Typically, the PSF of a modulator used in lensless imaging is designed to have

• an auto-correlation that is close to a Dirac impulse and

• a flat magnitude spectrum in the Fourier domain, so that as much spatial frequencies as possible are preserved without significant changes of their contributions to the signal.

## Image reconstruction#

The image formed on the sensor of lensless imaging systems typically looks blurred or completely scrambled, i.e., useless for the naked human eye.

In most cases, there is a linear relationship between the observed scene and the resulting measurements on the sensor. Suitable reconstruction algorithms try to invert this mapping in order to obtain a sharp image of the scene based on the blurred and scrambled measurements.

Forward model

For a given lensless imaging system, the relationship between the observed scene and the corresponding measurements can be formalized in a so-called forward model.

The forward model calculates the measurements that can be expected given a certain scene. The model has to achieve a trade-off between physical accuracy and tractability of the reconstruction that is adequate for the targeted application.

### Forward model for 2D imaging#

#### General linear model#

If the scene is assumed to be a two-dimensional plane located at some distance to the imaging system and being oriented perpendicular to the optical axis, the simplest form of an adequate forward model can be expressed via the following general linear model:

\begin{align} \mathbf{y} = \mathbf{Hx} \,, \end{align}

with the intensities $$\mathbf{x}$$ emerging from every sampled scene point, the measurement matrix $$\mathbf{H}$$ and the resulting measurements $$\mathbf{y}$$.
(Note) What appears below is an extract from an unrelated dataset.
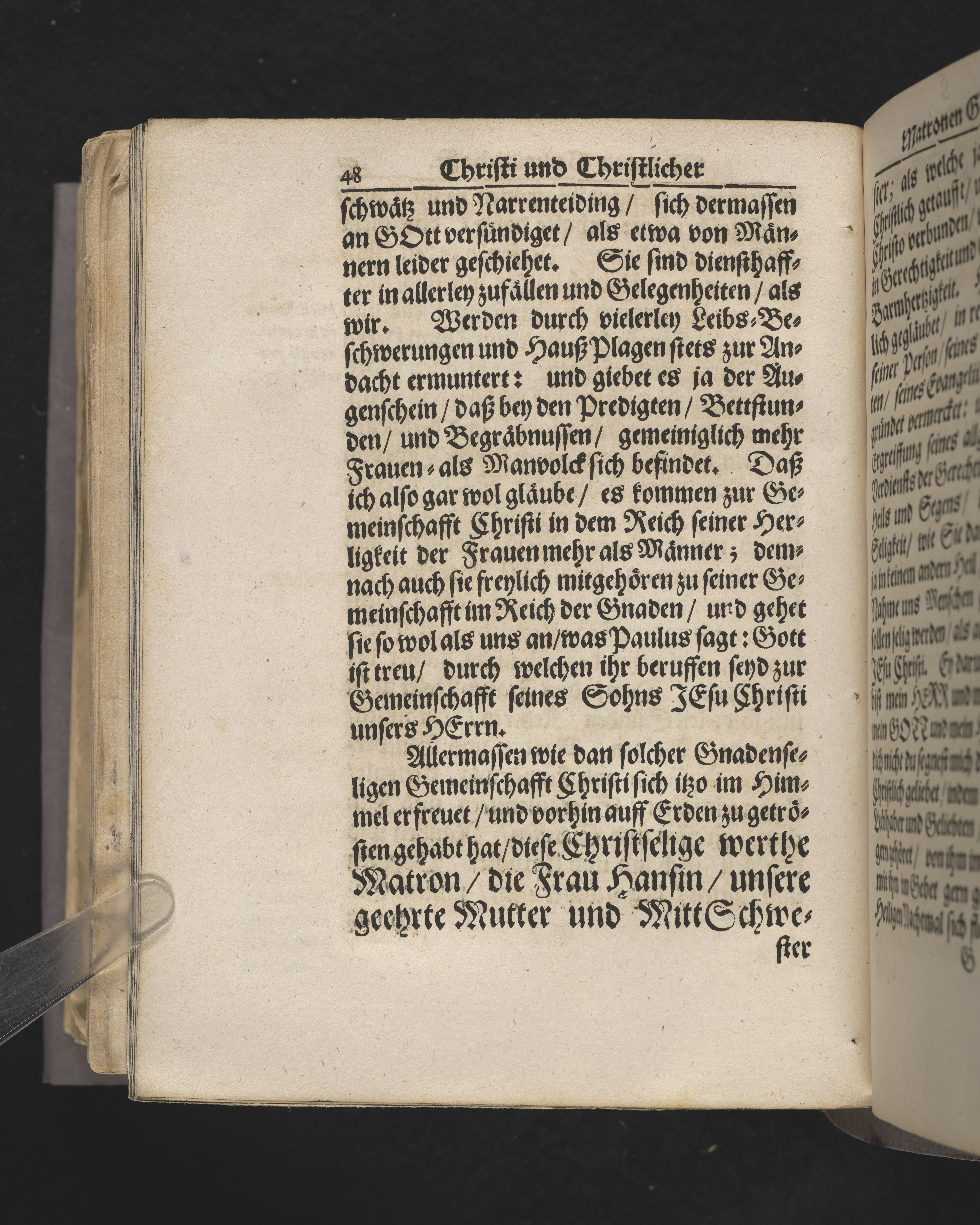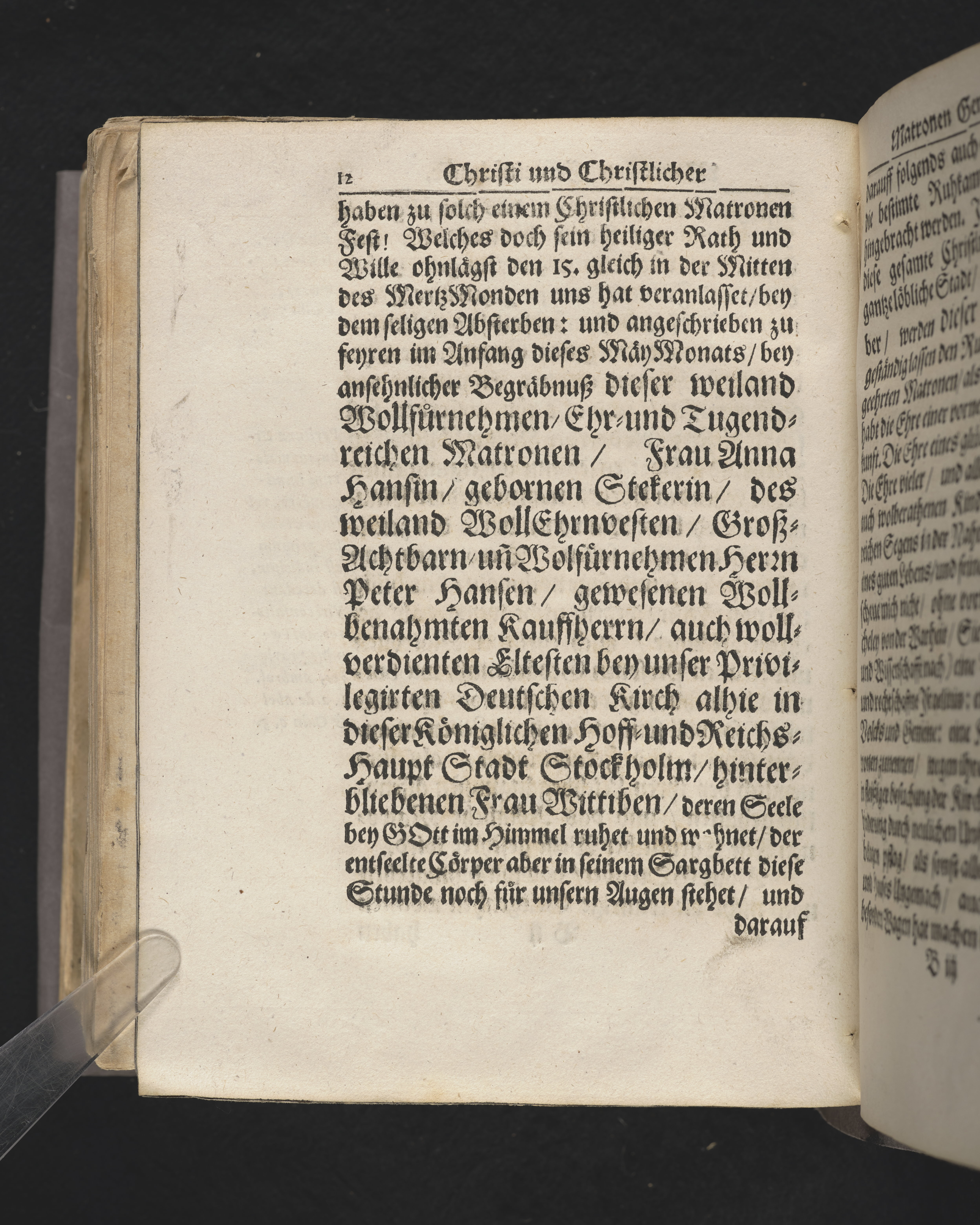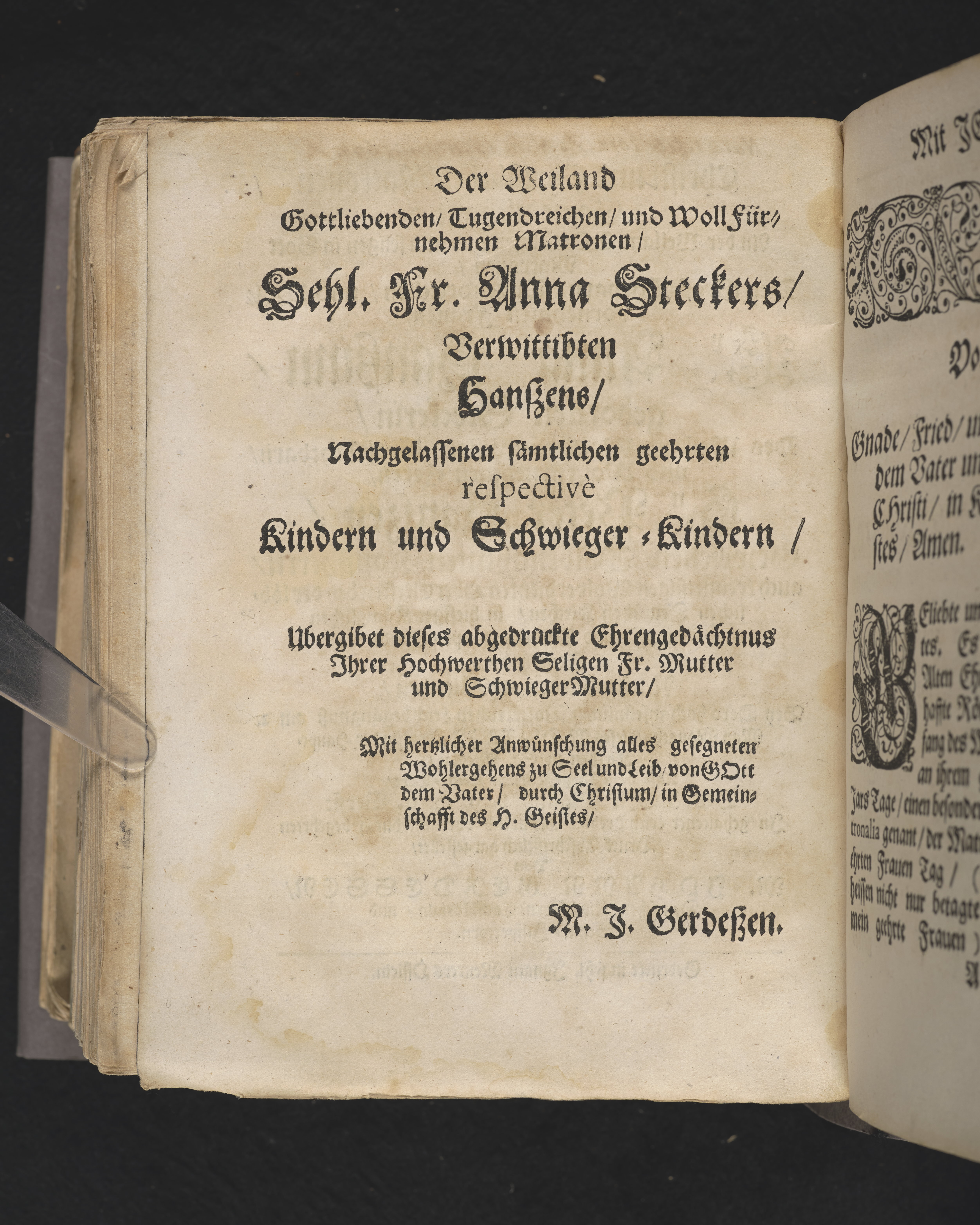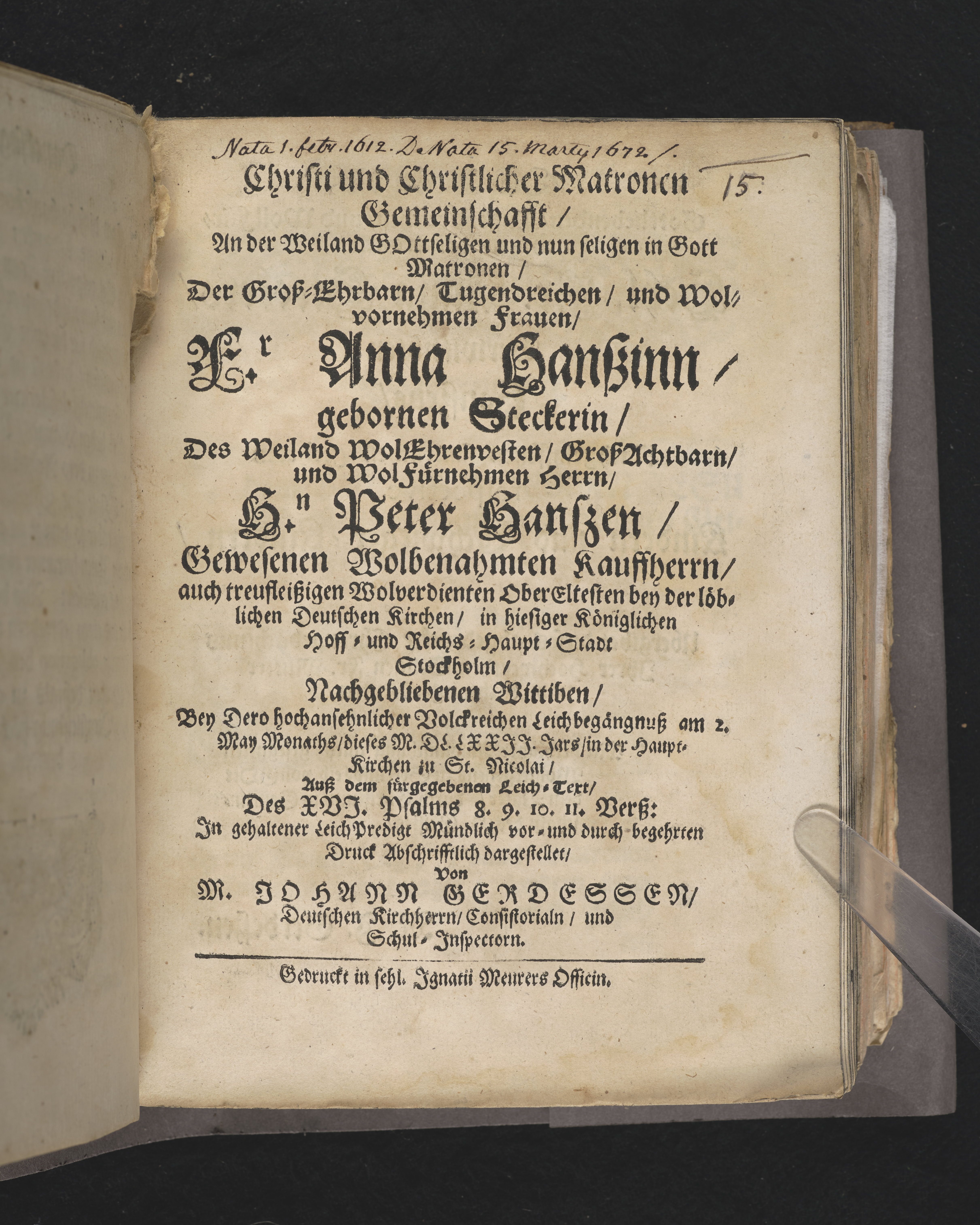 Christi und christlicher Matronen Gemeinschafft ... der ... Fr. Anna Hanszinn gebornen Steckerin, des ... Hn. Peter Hanszen, gewesenen wolbenahmten Kaufherrn ... nachgebleibenen Wittiben, bey dero hochansehnlicher volckreichen Leichbegängnusz am 2. May Monaths, dieses MDLLXXII Jars, in der Haupt-Kirchen zu St. Nicolai ... dargestellet, von M. Johann Gerdessen ... Gedruckt in sehl. Ignatii Meurers officin.

This model can be interpreted as if every column $$\mathbf{H}[i]$$ of $$\mathbf{H}$$ stores the sensor image that is associated with the corresponding scene point (i.e., element $$x_i$$ of $$\mathbf{x}$$). The value of $$x_i$$ (i.e., the reflected intensity of that scene point) then scales $$\mathbf{H}[i]$$ before the images corresponding to all captured scene points are additively superposed and yield the measurement $$\mathbf{y}$$.

Unfortunately, using this simple model is usually computationally intractable.

To reconstruct a one megapixel image for a one megapixel sensor the matrix $$\mathbf{H}$$ would have $$10^6 \cdot 10^6 = 10^{12}$$ elements and hence $$10^{12}$$ multiplications would have to be carried out for every evaluation of the forward model.

There are two common approaches for alternative models that reduce the computational complexity, convolutional models and separability models.

#### Convolutional model#

The general linear model can be approximated as a linear shift-invariant system via a convolution of the scene intensities $$x(m,n)$$ with the PSF $$h(m,n)$$, i.e.,

\begin{align} y = x * h \,, \end{align}

when the following conditions hold:

1. Narrow field of view,

2. sufficient distance between mask and sensor,

3. far-field approximation.

• Instead of storing $$\mathbf{H}$$, only the 2D convolution kernel $$h$$ has to be stored,

• model evaluation can be efficiently performed in the Fourier domain.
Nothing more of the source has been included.